In addition, there are several ongoing trials with antibodies targeting different cytokines or growth factors for hand OA. An antibody against GM-CSF, GSK3196165 (formerly MOR103), is being tested in inflammatory hand OA, with a primary outcome measure of change from baseline in pain intensity at week 6. This and other GM-CSF antibodies were introduced for the treatment of RA, and phase 2 trials have been completed for that indication with positive results (for review see [32]). Other hand OA trials include a trial with an antibody against the IL-6 receptor, tocilizumab and a phase 2a trial with the IL-1α/β dual-specific antibody, ABT-981. Results of the latter were reported at the 2017 EULAR meeting, and the antibody failed to show significant improvements in the Australian/Canadian Hand Osteoarthritis Index (AUSCAN) pain measure at week 16 compared with placebo [33]. Finally, adalimumab failed to show benefit when tested for hand OA in two separate trials [34, 35].

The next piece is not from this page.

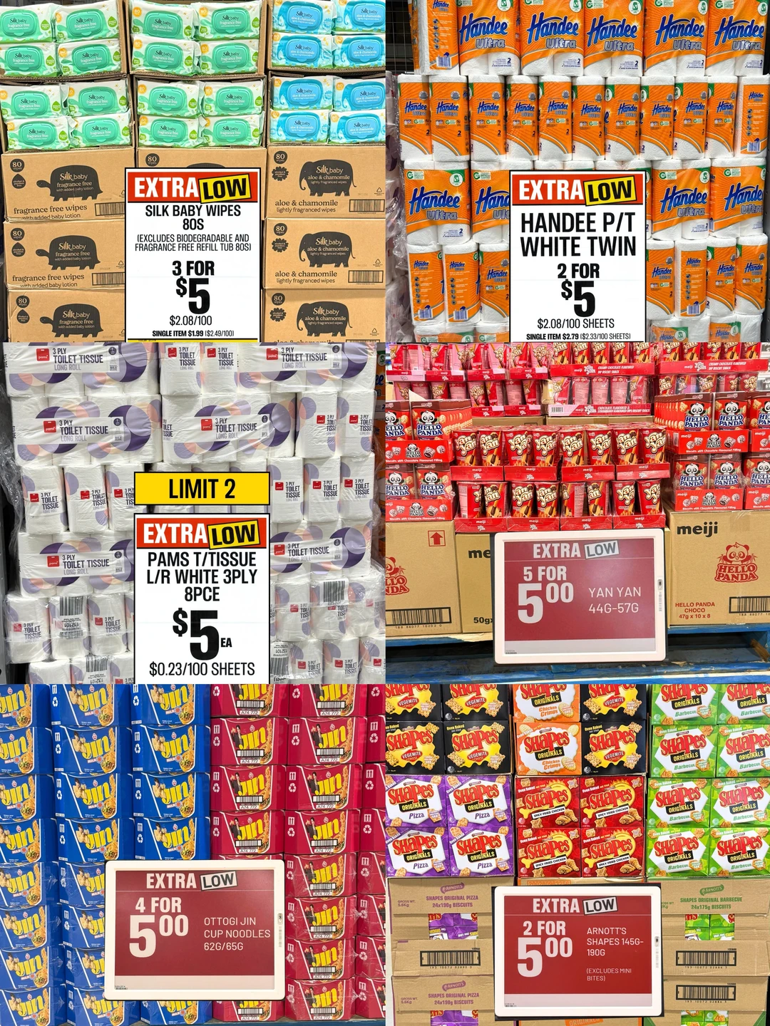 🧻 日用品: 婴儿湿巾3包$5、纸巾2提$5、卫生纸$5/卷

The neuropeptide, calcitonin gene-related peptide, has been studied as a pain target for many years [36]. Eli Lilly has a calcitonin gene-related peptide antibody in the pipeline for migraine [37], and positive phase 3 results were recently announced [38]. However, a phase 2 trial for OA knee pain was terminated due to lack of efficacy [39].

Small molecules

Chronic pain associated with OA can be generated, modified and maintained at different levels along the neuraxis (reviewed in [40]). Since many of these pain mechanisms can be selectively and potently targeted, they offer an exciting opportunity for analgesic drug development (recently reviewed in [41]). Two broad classes of molecules, in particular, are being targeted for pharmacological modulation: G-protein coupled receptors (GPCRs) and ion channels. There are several ongoing or recently completed clinical trials with small molecules targeting these molecules for OA pain (Table 3).

Table 3.

Completed randomized, double-blind, placebo-controlled clinical trials for OA pain drugs

Target Drug Trial ID Results
GPCRs
Bradykinin (BK) B2 receptor Fasitibant NCT02205814 No particular dose different from placebo (WOMAC A) [42]
Delta opioid receptor ADL5859 NCT00979953 No difference from placebo [43]
Delta opioid receptor ADL5747 NCT00979953 No difference from placebo [43]
Kappa opioid receptor CR845 NCT02944448 Positive results for hip OA [44]
Nociceptin/orphanin FQ peptide (NOP) and mu opioid receptors GRT6005 (cebranopadol) NCT01709214 No results; Depomed appears to be continuing development [45]
CB2 GW842166 NCT00479427 No results
Ion channels
NaV1.7 and other sodium channels TV-45070 NCT02068599 No difference from placebo [46]
NaV1.8 VX-150 NCT02660424 Positive results [47]
TRPV1 CNTX-4975 NCT02558439 Significant improvement vs placebo in WOMAC A1 scores at week 12 [48]
TRPV1 NEO6860 NCT02712957 Preliminary data suggests an analgesic effect compared with placebo [49]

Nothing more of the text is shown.